Chapter 3 Data visualization

In this class, we will use the tidyverse package ggplots. It is based on The Grammar of Graphics by Wilkinson (L. Wilkinson 2005). The basic idea is that you can build up a plot by adding layers.

ggplot2 is loaded either with library(ggplot2) or library(tidyverse).

Code
library(tidyverse)
library(patchwork)
library(GGally)

We also load the package patchwork which allows us to combine multiple graphs into a single figure.

Here is an example of a ggplot2 graph:

Code
ggplot(data=mtcars, mapping=aes(x=wt, y=mpg)) +
    geom_point(color="darkgreen") +
    geom_smooth(formula=y ~ x, method="lm")
Example of a ggplot2 graph

Figure 3.1: Example of a ggplot2 graph

Step 1: The ggplot command creates a new plot. The first argument is the data frame, and the second argument is the mapping. It maps the variables from the dataframe to the visual properties of the plot. In this case, we are mapping the variable wt to the \(x\)-axis and the variable mpg to the \(y\)-axis.
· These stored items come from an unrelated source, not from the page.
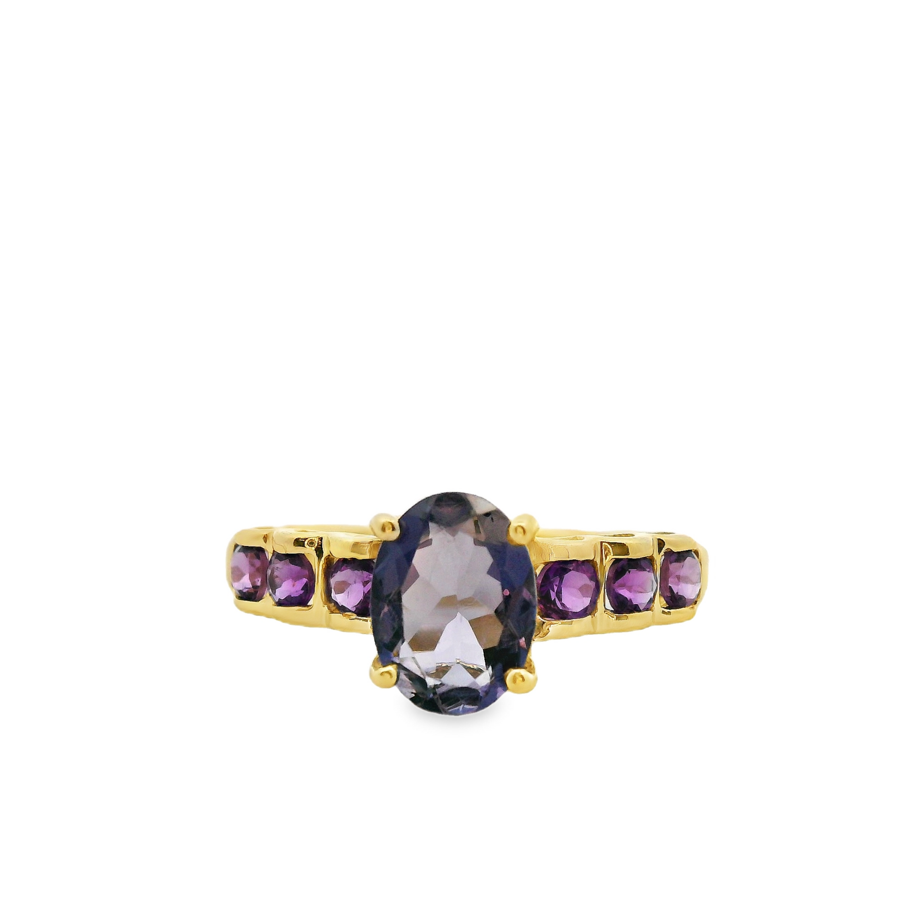 10K Y/G Ring 8X6 Oval Iolite Round Amethyst Sides -Estate Size 7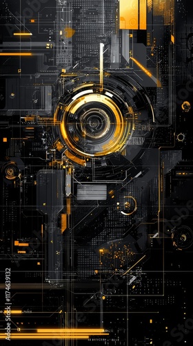 Golden Circuitry Abstract: A mesmerizing display of intricate golden circuitry interwoven with digital designs and metallic structures.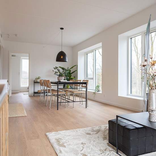 Det første Naboliv-projekt ligger smukt placeret i Birkerød, omgivet af skov, søer og et levende lokalmiljø. Her danner otte moderne punkthuse rammen om 110 boliger, der tilsammen udgør et harmonisk og imødekommende nabolag. Et multifunktionelt fælleshus, drivhus, legeplads og flere andre fællesfaciliteter skaber de bedste forudsætninger for, at fællesskabet kan spire og gro. De lyse boliger er indrettet i en elegant nordisk stil med kvalitetskøkkener fra Invita, praktiske laminatgulve samt indbyggede skabe og depotrum. Massive døre og stor...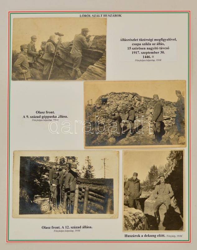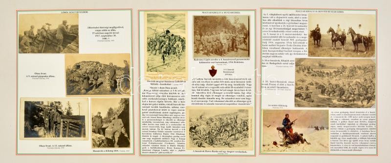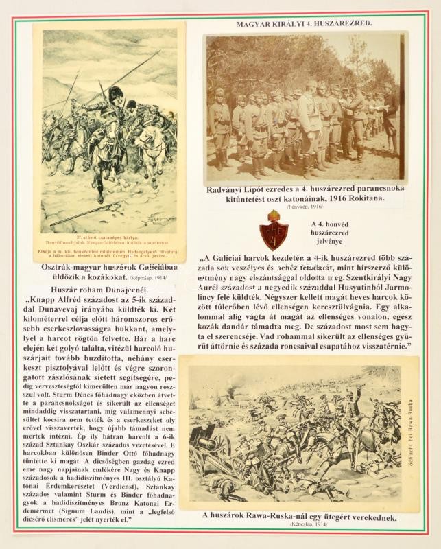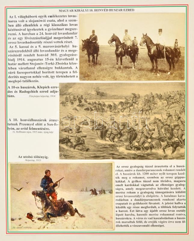Különleges, egyedi összeállÃtás az elsÅ‘ világháborús magyar királyi honvéd huszárok történetérÅ‘l, közte a magyar királyi 4. és 10. honvéd huszárezreddel, 3 db nemzetiszÃn tablón részletes nyomtatott szöveggel, rajta 7 db eredeti képeslappal (képeslap, fotólap (1914-1918)), 2 db eredeti fotóval (1916,1918), 1 db újságkivágással, a képeslapok, fotók nincsenek felragasztva a tablókra. / / Special selection of the history of the Hungarian Royal Hussar Regiments (4th,10th hussar regiments), first world war, with 7 pc. original postcards, 2 pc. original photos, on 3 pc. sheets, not glued on the paper.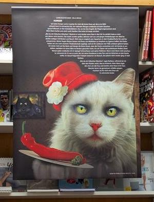 Blick ins Premierenpublikum - Falko Wiesner in Aktion. alle Fotos: A. Uske Nebenstehend: Holger Uske und Ulrike Blechschmidt bei der Moderation. - Eines der Kalenderblätter, die großformatig im Buchhaus zu sehen waren, hier die Kurzgeschichte "Hunger" von Ulrike Blechschmidt mit dem Fotokunstwerk "Scha-r-fspelz" von Frank Melech. |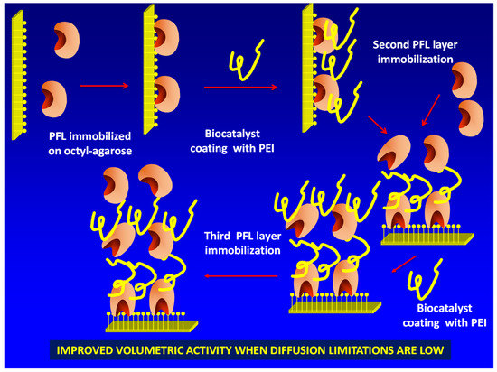 To reach this goal, it is necessary to “activate” the immobilized enzyme molecules surface in a way that allows the immobilization of a new layer of enzymes. This may be achieved using polyethylenimine (PEI) [18,19,20,21] (Figure 1). This polymer is multicationic, has primary, secondary and tertiary amino groups and has been broadly used in biocatalysis design, in some instances to coimmobilize enzymes [22,23] or enzymes and cofactors [24,25,26]. The only problem (with the second and further enzyme layers) of this new strategy is that, after immobilizing the enzyme via ion exchange on PEI, the new coating with PEI of the previously ionically exchanged enzyme could produce some enzyme leaching from the support by competition among the PEI coating the previously immobilized enzyme layer, the immobilized enzyme molecules layer and the new doses of free PEI.

Step 2: The geom_point command adds the first layer to the plot. In this case, it adds darkgreen points (color argument). The layer is added using the + operator.
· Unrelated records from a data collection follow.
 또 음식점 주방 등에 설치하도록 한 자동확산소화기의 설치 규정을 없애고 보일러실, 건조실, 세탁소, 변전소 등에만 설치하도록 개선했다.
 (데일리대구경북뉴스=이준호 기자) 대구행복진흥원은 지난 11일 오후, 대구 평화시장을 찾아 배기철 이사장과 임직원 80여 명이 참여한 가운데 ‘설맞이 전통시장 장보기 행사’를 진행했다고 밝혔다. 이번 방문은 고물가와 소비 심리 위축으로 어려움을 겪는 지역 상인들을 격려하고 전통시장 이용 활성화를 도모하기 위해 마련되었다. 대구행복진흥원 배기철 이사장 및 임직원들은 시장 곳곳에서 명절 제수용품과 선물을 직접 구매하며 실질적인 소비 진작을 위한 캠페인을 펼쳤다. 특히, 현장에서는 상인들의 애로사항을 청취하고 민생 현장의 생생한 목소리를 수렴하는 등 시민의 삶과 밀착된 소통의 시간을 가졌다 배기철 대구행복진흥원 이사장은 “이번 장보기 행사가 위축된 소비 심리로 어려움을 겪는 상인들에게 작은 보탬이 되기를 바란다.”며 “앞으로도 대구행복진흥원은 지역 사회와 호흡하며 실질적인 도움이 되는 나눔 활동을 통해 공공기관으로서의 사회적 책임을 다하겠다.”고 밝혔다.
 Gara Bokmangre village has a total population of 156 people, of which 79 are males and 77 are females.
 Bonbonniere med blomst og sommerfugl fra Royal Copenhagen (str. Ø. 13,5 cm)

Step 3: The geom_smooth command adds a layer with a fit curve. The formula argument specifies the formula for the curve. The default is the linear regression y~x. The method argument specifies the method for fitting the curve. In this case, we are using the linear model. The default is to fit a loess curve or a spline fit as a function of the dataset size.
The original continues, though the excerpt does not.